> Your objective:
Only the lines below from the one that holds "Vatten fylls genom" through the one that holds "定期的に、各塗装店では、お得" should appear in the answer, copied exactly, end lines included and pictures omitted.

> Source material:
※ ※ ※

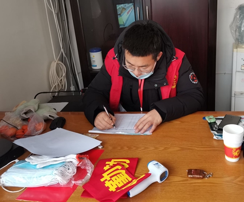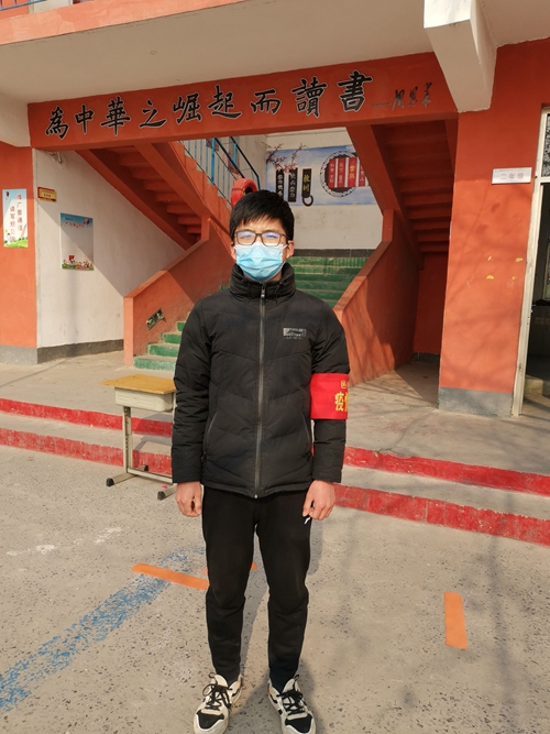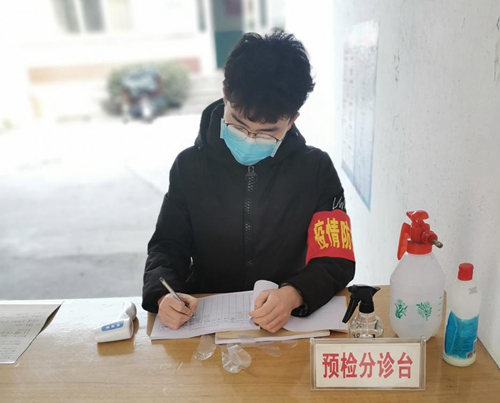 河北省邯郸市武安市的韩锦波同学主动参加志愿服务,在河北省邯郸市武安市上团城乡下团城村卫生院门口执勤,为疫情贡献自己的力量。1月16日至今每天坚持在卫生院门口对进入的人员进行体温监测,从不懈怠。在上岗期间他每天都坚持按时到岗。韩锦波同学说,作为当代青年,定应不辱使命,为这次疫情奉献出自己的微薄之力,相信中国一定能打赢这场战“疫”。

※ ※ ※

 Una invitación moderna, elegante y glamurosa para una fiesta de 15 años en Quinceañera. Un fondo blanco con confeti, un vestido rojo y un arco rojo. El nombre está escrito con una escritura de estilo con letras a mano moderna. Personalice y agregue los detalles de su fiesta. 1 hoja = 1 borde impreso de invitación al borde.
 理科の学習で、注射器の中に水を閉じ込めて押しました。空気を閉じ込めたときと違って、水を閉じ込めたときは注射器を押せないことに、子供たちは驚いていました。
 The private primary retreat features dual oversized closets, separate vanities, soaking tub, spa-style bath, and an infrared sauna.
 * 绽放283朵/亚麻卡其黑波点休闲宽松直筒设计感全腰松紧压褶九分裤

※ ※ ※

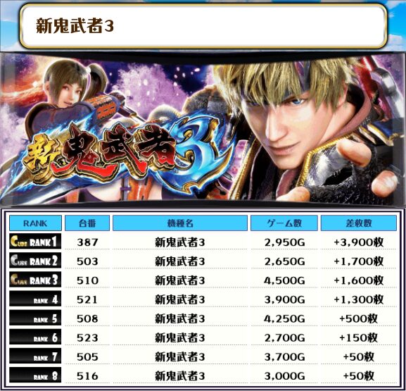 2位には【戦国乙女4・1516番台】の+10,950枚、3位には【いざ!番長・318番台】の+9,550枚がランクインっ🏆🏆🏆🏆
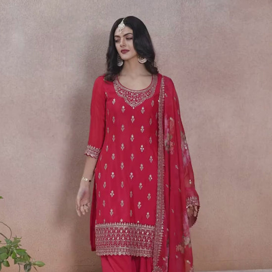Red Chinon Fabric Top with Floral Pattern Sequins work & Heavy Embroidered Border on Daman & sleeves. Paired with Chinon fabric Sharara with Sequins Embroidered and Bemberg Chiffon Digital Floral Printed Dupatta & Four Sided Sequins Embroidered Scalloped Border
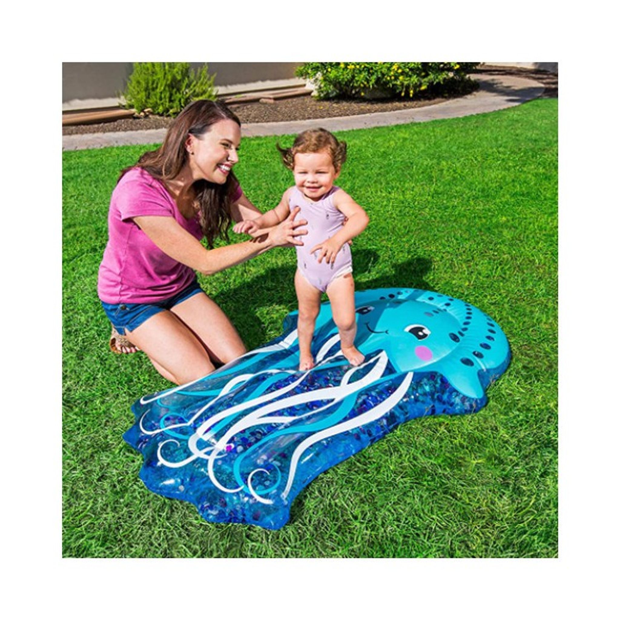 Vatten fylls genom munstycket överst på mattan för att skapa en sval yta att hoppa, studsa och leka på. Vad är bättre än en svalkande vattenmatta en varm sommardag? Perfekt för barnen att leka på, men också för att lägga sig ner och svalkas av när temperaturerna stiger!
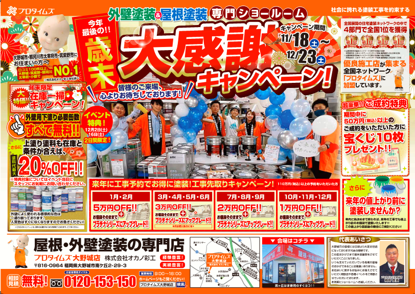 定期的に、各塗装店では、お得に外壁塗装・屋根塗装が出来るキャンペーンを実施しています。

※ ※ ※

> Exercise solution:
 Vatten fylls genom munstycket överst på mattan för att skapa en sval yta att hoppa, studsa och leka på. Vad är bättre än en svalkande vattenmatta en varm sommardag? Perfekt för barnen att leka på, men också för att lägga sig ner och svalkas av när temperaturerna stiger!
 定期的に、各塗装店では、お得に外壁塗装・屋根塗装が出来るキャンペーンを実施しています。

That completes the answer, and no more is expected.